Open the floodgates!

I’m talking about data pipelines, of course. 

In today’s data-hungry world, business intelligence, analytics, and machine learning are run on data coming from a (large) number of different sources. Volumes of data are being generated from sensors, business systems, CRMs, and mobile devices, to name just a few. Organizations from health to retail are increasingly building secure data sharing capabilities to leverage each others’ data. And the trend towards more distributed data systems is only accelerating. According to Gartner, by 2025, 75% of enterprise-generated data will be created and processed outside a traditional centralized data center or cloud.

As more data is being piped across distributed systems, the ETL pipelines moving data from point A to point B and powering data integrations are growing in volume, scale, complexity… and importance.

What are ETL pipelines?

ETL is an acronym for “extract, transform, and load.” In the ETL process (sometimes also called the ELT process), data engineers extract a copy of data from distributed sources, transform the raw data into a format that can be used by downstream intelligence, analytics, and machine learning applications, and then load the converted data to a data warehouse or data lake so it can be accessible to those applications. ETL pipelines are the tools and activities built by said data engineers to automate the entire process.

The simplest of pipelines will automatically pipe data from one data source to one data warehouse. But in reality, most data pipelines are much more complex, extracting and transforming data from a number of different sources, which exist in different formats and levels of cleanliness. To add to the complexity, many organizations are managing tens, if not hundreds, of pipelines and data integrations. Building, running, and managing these pipelines becomes costly. According to McKinsey, a typical mid-size financial institution spends $60-$90M per year on data access, which includes pipelines.

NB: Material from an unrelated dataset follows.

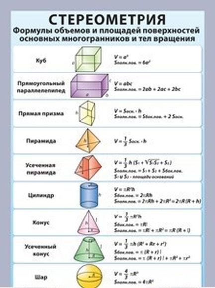 Стереометрия. Формулы объемов и площадей поверхностей основных многогранников и тел вращения (винил)
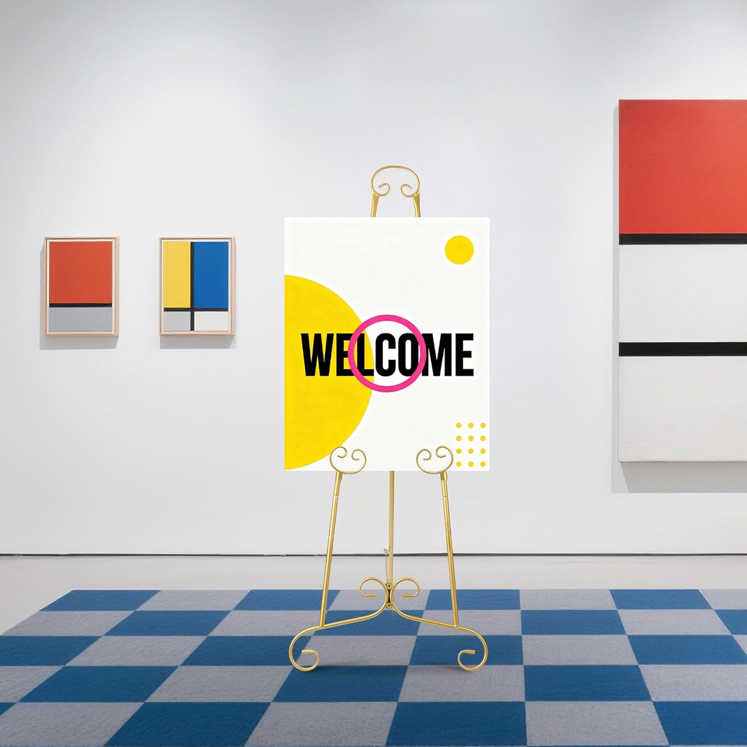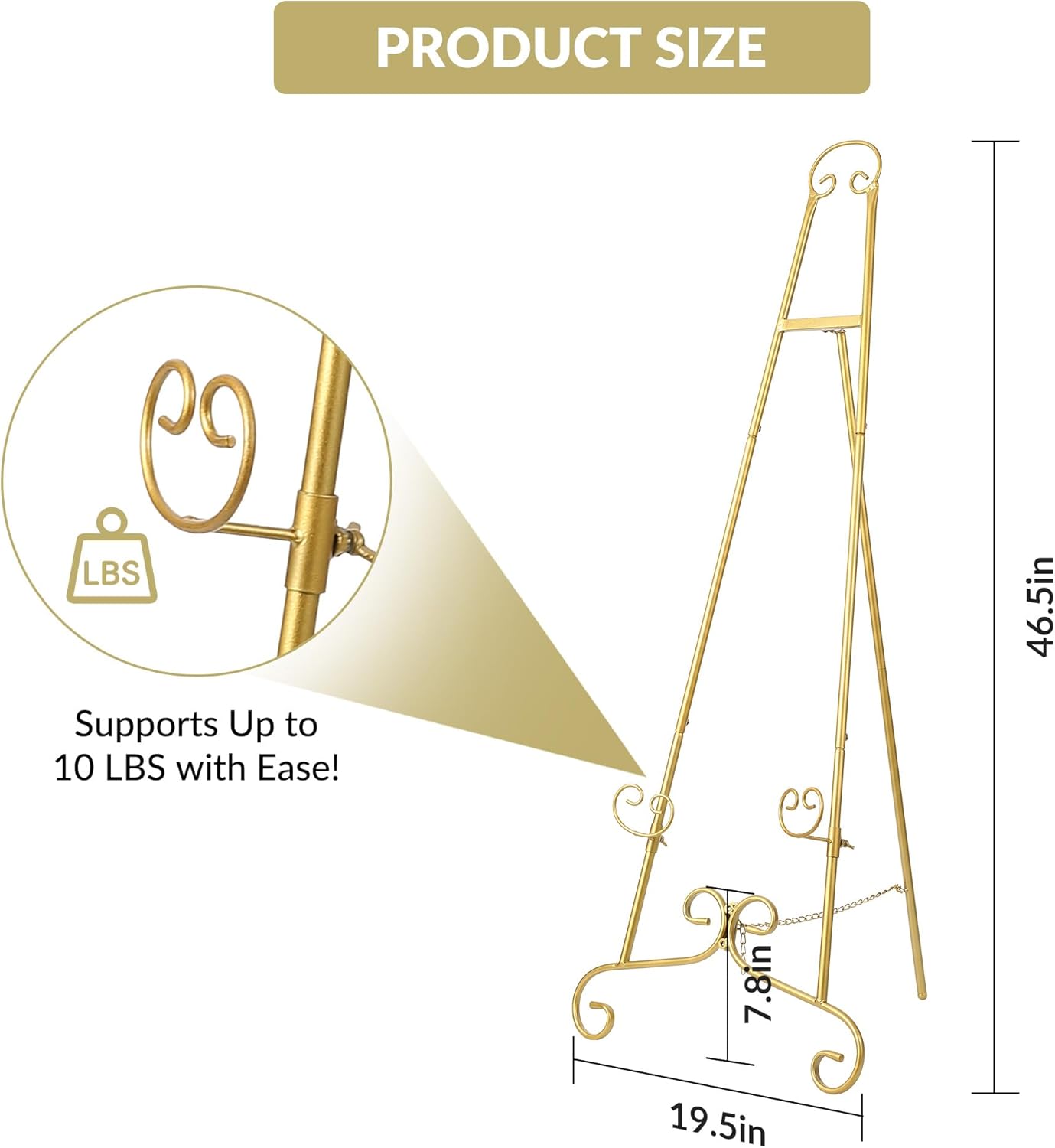 Transform any event into a statement of style—see how this gold easel stand showcases your welcome signs, pictures, or posters with elegance and sturdy support for every memorable occasion. Highlights at a Glance: - Elegant gold finish and wrought iron design complement any event or home décor - Adjustable height levels make it easy to display signs at the perfect viewing angle - Heavy duty metal frame with chain support holds up to 10 LB securely - Stable triangular structure ensures your pictures and posters stay upright - Clear instructions and labeled parts make assembly quick and straightforward Specification: Product Name: Easel Stand Product Dimensions: 19.5x7.8x46.5 in Material: Metal Color: Gold Friendly Note: Ensure the easel is fully opened and stands firmly before adding your sign or poster. Adjust the height to suit your sign or display, making sure the chain support is securely in place. For long-term use, avoid placing the easel in damp environments and clean it gently with a soft cloth. Packing List: 1 x Welcome Sign Stand Easel 1 x Hardware Pack 1 x Assembly Instruction

What drives ETL pipeline costs?

ETL process costs can be broken out into five basic categories:

  1. Engineering - the cost of your engineering team’s time and the tools they use to build and maintain pipelines
  2. Data movement - charges from cloud providers like AWS, Azure, or GCP charge per GB of data that moves between regions or off their cloud
  3. Data storage - charges from cloud providers, data warehouses, or data lakes to store a second copy of the data once it has been transformed and loaded
  4. Compute - costs to provision and utilize cloud infrastructure to execute ETL queries

For all four categories, you can see how scale and complexity can lead to runaway costs. As the number of data sources and the volume of data grows, you’re paying to move and store more data, you’re provisioning more infrastructure for the compute, and your engineering team is spending more time building and maintaining complex pipelines.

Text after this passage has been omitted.